One question I have, after doing this is why search engines take the time to tell us that they are showing us that that these are “Results 1 – 100 of about xxx,xxx,xxx for [query term].” Why do they also tell us how long the search might have taken as well? I guess it helps make the results appear more authentic.
For terms that appear in the search engines databases that show up less than 1,000 times, if you actually go to the last result in the listing, you can get more accurate numbers. If you want to try to estimate the actual sizes of the different search engine databases, there is a method that you could try to use. As the Cuill blog post notes:
Using anywhere from 2% to 10% isn’t necessarily bad. Many people have relied for years on Comscore numbers to measure search traffic. When you see a news site reporting that Google has 65 percent of search traffic compared to something like 16 percent for the next largest search engine, the stats that are being referred to are usually Comscore numbers. Comscore tracks around 2 million searchers in the US from are a panel of searchers who have agreed to have their searches tracked in exchange for something like antivirus software or the chance to win a sweepstakes. That’rs out of more than 200 million internet users in the United States, or 1/2 of a percent. (They are just starting to move beyond this approach though.)

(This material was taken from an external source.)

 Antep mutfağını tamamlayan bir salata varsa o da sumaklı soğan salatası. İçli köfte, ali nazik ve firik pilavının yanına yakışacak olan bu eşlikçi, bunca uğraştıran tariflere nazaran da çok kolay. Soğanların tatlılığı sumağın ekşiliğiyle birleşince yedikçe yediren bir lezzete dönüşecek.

It’s possible that search engines might use numbers like these to try to identify stop words, though it’s possible that the search engines have been treating stopwords very differently since at least early 2008. The word “the” may be a stop word for some queries, but not for a query such as “The Matrix.” The words “to,” and “be,” and “not,” could be considered stop words, but not when they appear in the phrase, “to be or not to be.” Google hasn’t been telling us at the top of search results that they may have removed some words from searches because those are “stop words,” since at least the early months of 2008. That seems to be an interesting upgrade of the search engine that many people don’t talk about much.
An interesting question. Over the years, we’ve seen Google and Yahoo both make announcements about the size of their databases, one-upping each over every so often. It’s quite possible that Google has a larger database than Yahoo, but after the first few billion pages, it’s hard to tell how meaningful that might be. Yahoo announced at a recent conference that at least 1/3 of the pages that they see on the Web are duplicates of each other.

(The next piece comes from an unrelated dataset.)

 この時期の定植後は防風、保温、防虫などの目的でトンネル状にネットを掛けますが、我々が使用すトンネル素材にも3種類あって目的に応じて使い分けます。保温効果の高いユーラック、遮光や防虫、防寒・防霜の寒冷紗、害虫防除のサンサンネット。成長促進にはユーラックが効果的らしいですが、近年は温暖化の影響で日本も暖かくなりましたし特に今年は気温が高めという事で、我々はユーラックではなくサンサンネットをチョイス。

I believe that I’ve been seeing much larger numbers from Yahoo than from Google for many different query terms since at least 2005. It’s possible that Yahoo is estimating differently than Google. I’ve never taken that to mean that Yahoo has a larger database than Google, though I’ve sometimes wondered if Yahoo did that on purpose to make it look as if they did.
Bill, I actually missed the point of this comparison. How is this data beneficial for SEO purposes. Sorry if I missed something obvious.
Hi Ravi,
One of the ways that we learn about what search engines do, and how they work is to look at search results, to make comparisons, to see some of the differences between what different ones do, and how they work. While I tend to focus here on search related patent filings and white papers with a majority of my posts, I sometimes like to just experiment a little with search results, even if to satisfy only my curiosity or have some fun.
This post probably won’t help you make money fast, it likely won’t give you some magical bullet to make pages rank higher than other pages, it may not even provide you with some special insight into how search engines work. But it does point out some things about how search engines work that is beneficial to SEO. Those points are actually many of the things that I wrote above that I mentioned limit the value of this comparison, and are the real point behind this post. Sometimes coming up with questions is more valuable than coming up with answers.
1. The number of search results that you see when you perform a search are only estimates, and those numbers are often relied upon as one aspect of comparing how competitive those terms might be. Should they be? How would you feel if search engines stopped showing those numbers of results, or the amount of time it takes to perform a search?
2. We don’t know if the numbers of results that we see from each search engine are calculated in the same way, and it’s interesting to ask why the numbers differ so much. Is it because databases are larger at different search engines, or is there some other reason?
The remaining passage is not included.